### Problem description
Keep the images out while you retype all of the data exactly.

### Raw data

------------------------

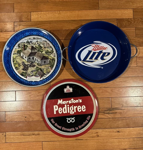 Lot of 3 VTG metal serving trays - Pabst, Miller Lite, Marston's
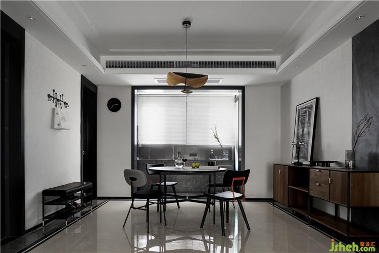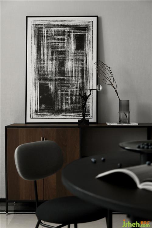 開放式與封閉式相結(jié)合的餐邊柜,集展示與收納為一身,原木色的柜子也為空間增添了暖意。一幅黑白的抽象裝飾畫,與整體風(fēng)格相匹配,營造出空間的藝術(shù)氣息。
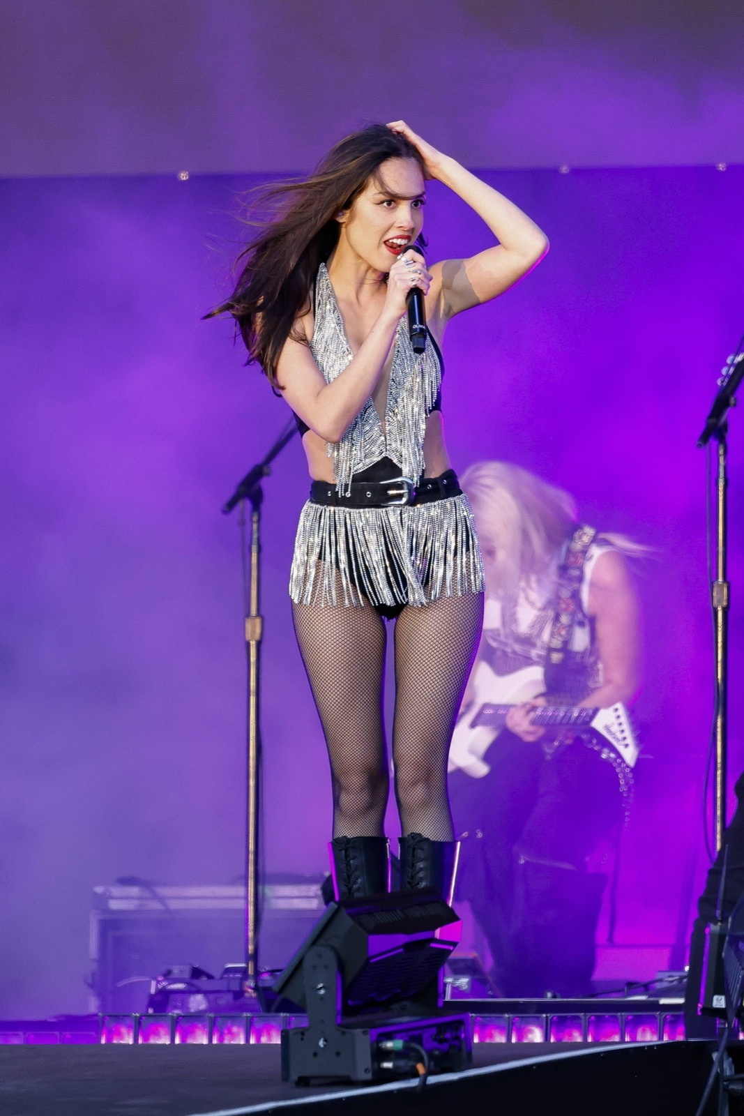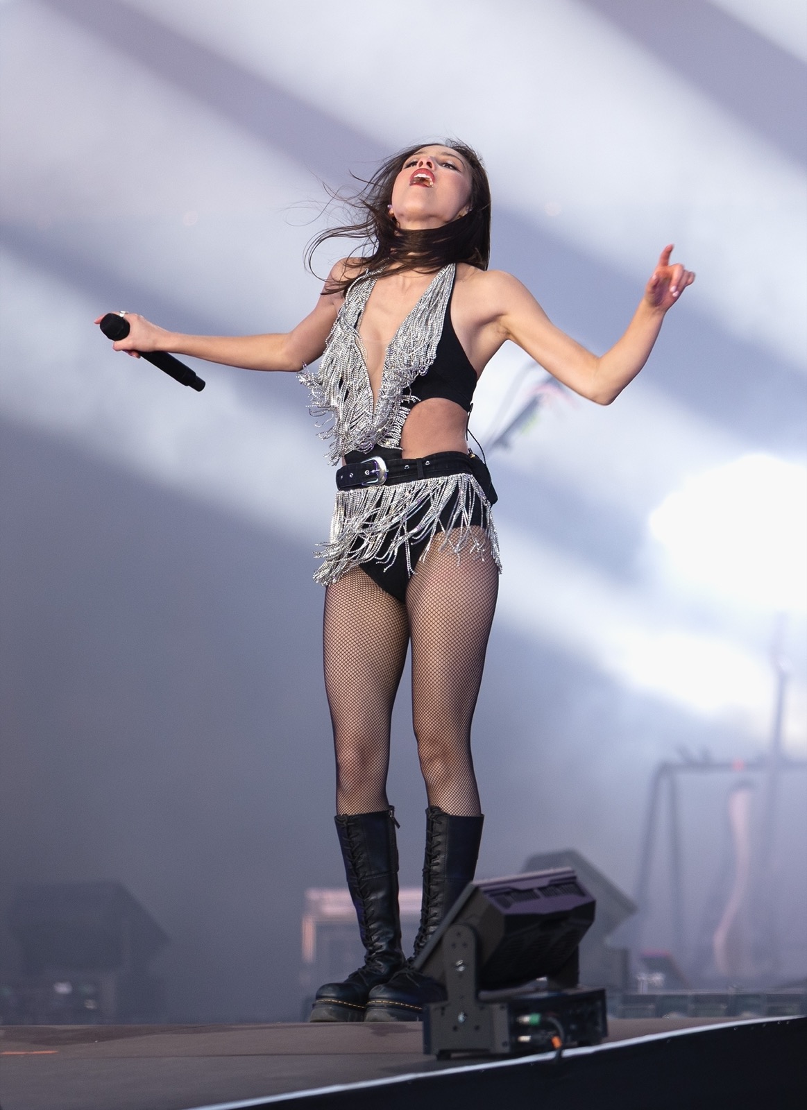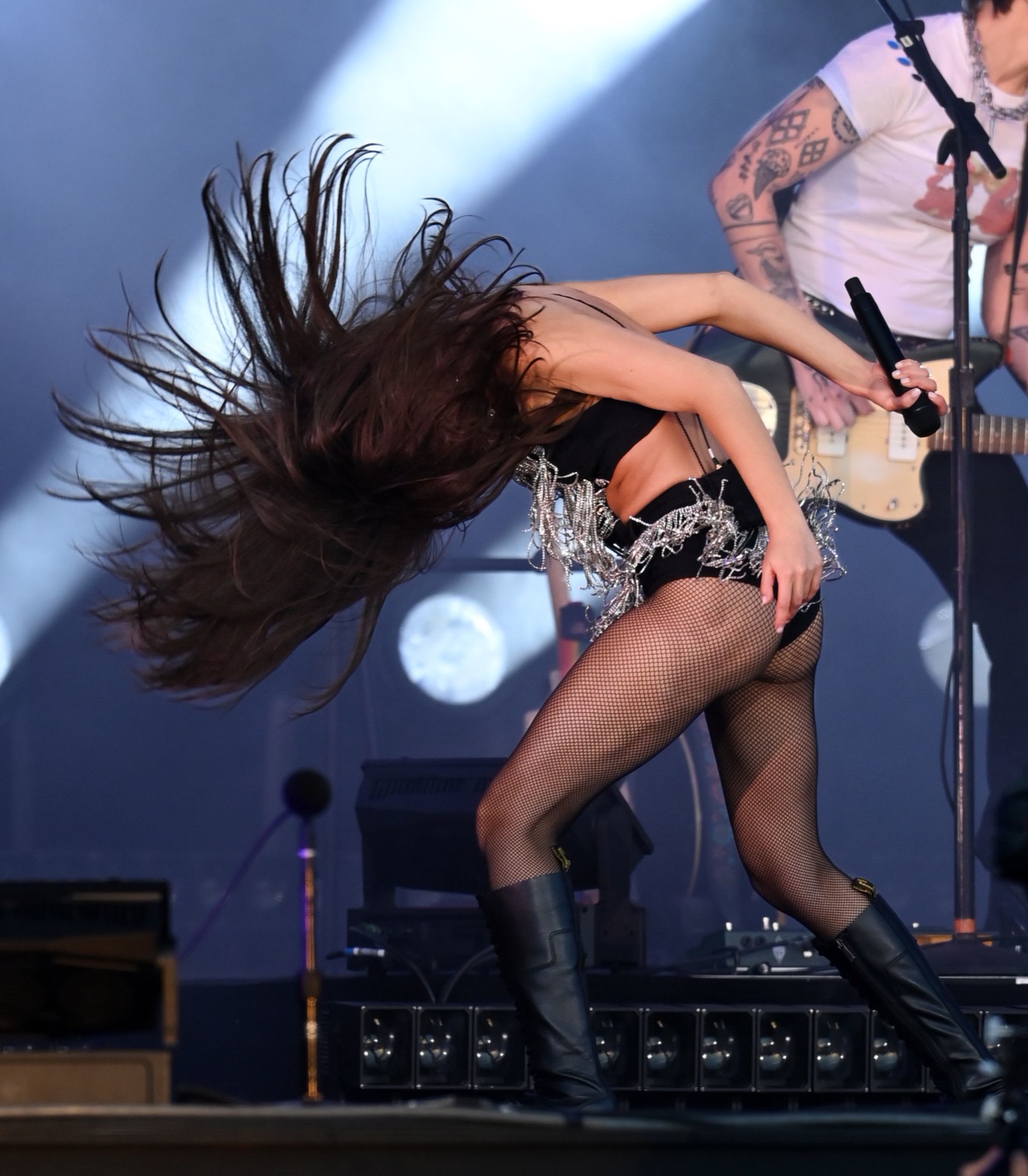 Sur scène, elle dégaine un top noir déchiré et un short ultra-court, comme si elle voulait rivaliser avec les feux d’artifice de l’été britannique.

------------------------

### Worked solution
 Lot of 3 VTG metal serving trays - Pabst, Miller Lite, Marston's
 開放式與封閉式相結(jié)合的餐邊柜,集展示與收納為一身,原木色的柜子也為空間增添了暖意。一幅黑白的抽象裝飾畫,與整體風(fēng)格相匹配,營造出空間的藝術(shù)氣息。
 Sur scène, elle dégaine un top noir déchiré et un short ultra-court, comme si elle voulait rivaliser avec les feux d’artifice de l’été britannique.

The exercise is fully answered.